LET ME DOWN EASY received its first formal production last year at the Long Wharf Theatre in New Haven, CT, where the play focused on the body in extremis. Then in the fall, Anna developed and performed a second version at the theatre where I work, the American Repertory Theatre in Cambridge, MA. In a sense this was a companion piece to the first production; a search for grace and kindness in a competitive and sometimes distressing world. If at Long Wharf Anna was investigating the body, at ART her subject was the human spirit. To prepare for it, she conducted many new interviews with artists, professors, philosophers, and clerics from many religions, who provided many definitions and interpretations of grace drawn from their own experience and expertise.

The version of LET ME DOWN EASY that you’ll see at ZACH combines elements from both previous productions with material that Anna has never performed before. She continues to investigate resilience, vulnerability, and grace, of body and spirit – the forces, internal and external that keep us alive and strong, and those that lead to our ultimate demise. Her performance reminds us that all these forces, generative and destructive, are of course profoundly connected; one can only talk about death by thinking about survival and life. As Angie Farmer, the mother of a cancer patient in Houston, told Anna, “Living – that’s what you learn from this experience. You don’t learn how to die, you learn how to live.”

Tickets are available online, or by phone at (512) 476-0541, x1.

Previews Begin for Anna Deavere Smith’s New Play LET ME DOWN EASY

April 14th, 2009

Anna Deavere Smith takes stage tonight with a revolution in Austin theatre. LET ME DOWN EASY is about “the power and vulnerability of the human body and the resilience of the human spirit,” she said. With most every theater community in the country welcoming her to their stage to develop LET ME DOWN EASY, she chose Austin, and, specifically, ZACH Theatre — where she first encountered many of the characters she portrays in the production.

But her journey developing this play began 8 years ago at Yale University, where she was a visiting professor. Yale Medical School sought to develop a more sophisticated relationship between its doctors and patients, so Ms. Smith embarked on a long process to explore doctor-patient relationships, with a different concern than physicians. Ultimately, she said, this was about teaching professionals — already adept at their craft — to listen.

“We’re lucky if we get 15 minutes with doctors,” she told ZACH. “Understandably, doctors are often too busy to listen, and patients often don’t know how to communicate their illness.”
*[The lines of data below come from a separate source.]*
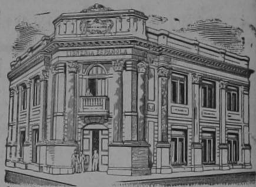
LA LIBRERIA ESPAÑOLA
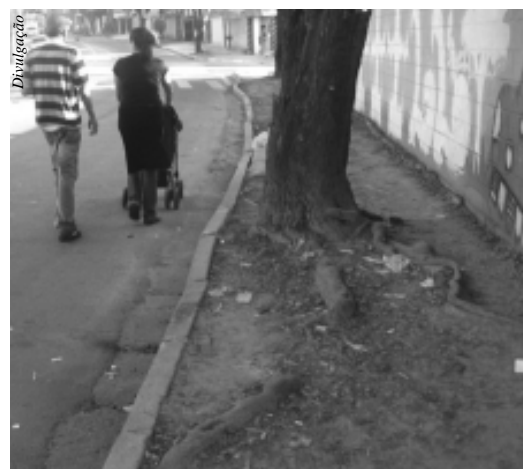
As raízes da árvore impedem que a mãe com o bebê transitem pela calçada

pois a água fica acumulada entre as guias e o muro da escola. É frequente ver crianças e idosos tropeçando nas raízes das árvores plantadas na referida calçada.
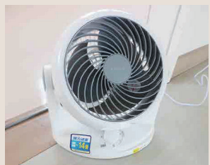
サーキュレーター
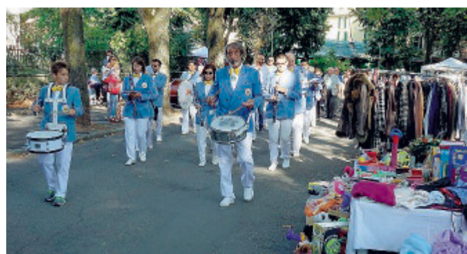
Parco Mazzini L'esibizione della banda di Salsomaggiore.
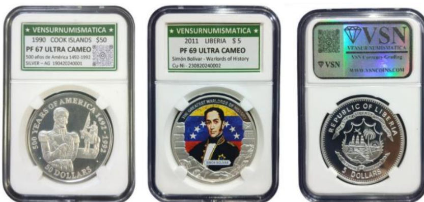
Trabajo de VenSurNumismática: Accesorios y Consumibles Coins & Note Bank
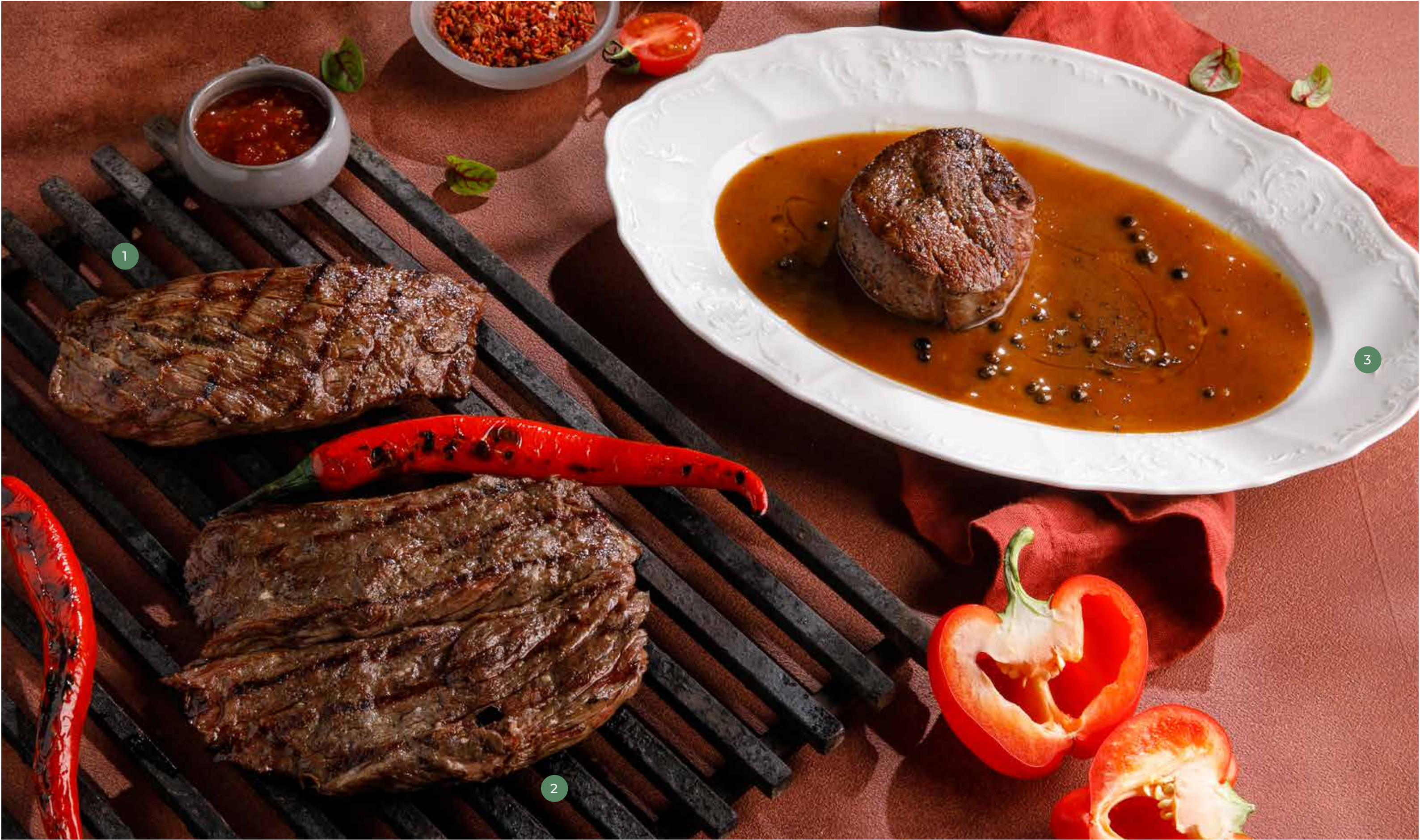
① БАВЕТ BAVETTE STEAK
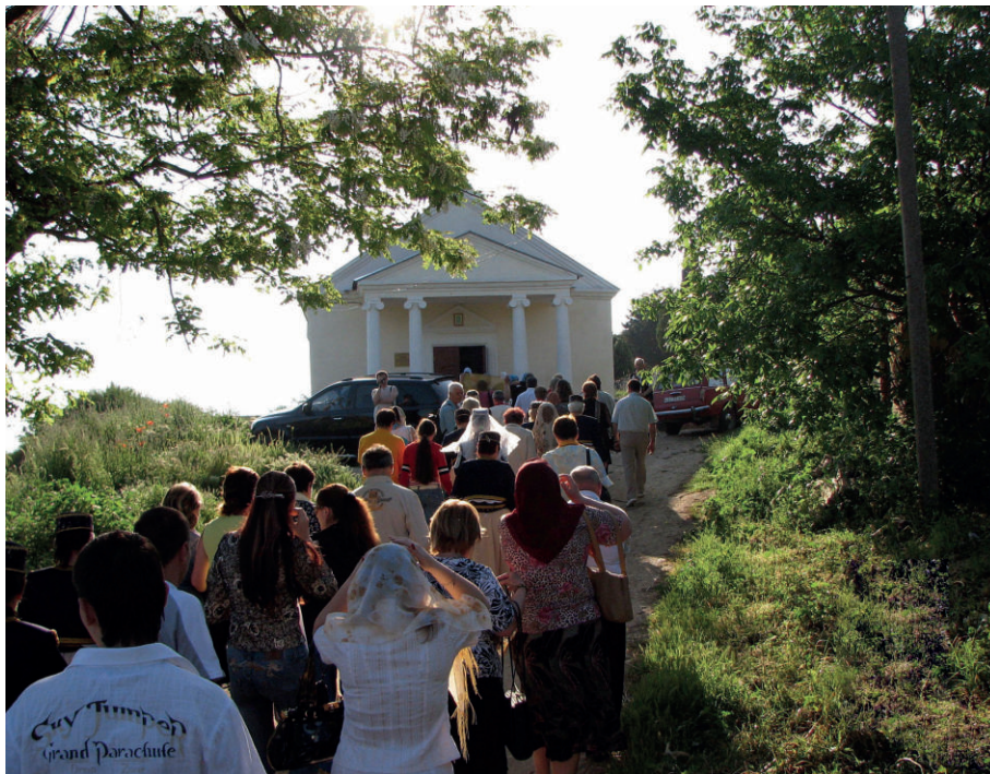
На праздничную службу спешат гости из мариупольской Карани. 2008 г.

Вновь звучали на сельской площади старинные греческие мелодии и песни на урумском языке 2 . Мариупольцы помнят о своих корнях, сохраняют язык предков и хотят вернуть своему селу историческое название — Карань.

As this momentous project takes stage tonight, after 8 incredible years of development, we thought it would be a good idea to look back to where it started, an article with Ms. Smith from Spring 2001’s issue of Yale Medicine, partially re-published here with permission:

A dramatic turn

The doctor-patient relationship takes center stage in performer Anna Deavere Smith’s interpretation of medicine at Yale.

Story by Cathy Shufro
Photographs by Michael Marsland

The playwright and actress Anna Deavere Smith stands in the well of Fitkin Amphitheater musing about how patients and doctors manage to communicate under pressure when she slips on a white coat and transforms herself into Yale physician Asghar Rastegar, M.D. “I have looked at every single patient as being a phenomenal new experience,” says Smith, using Rastegar’s words and his Farsi accent. “Excited to walk in that room. Oh yeah, oh yeah, no question about it. Phenomenally excited. Every time, every time, every time.”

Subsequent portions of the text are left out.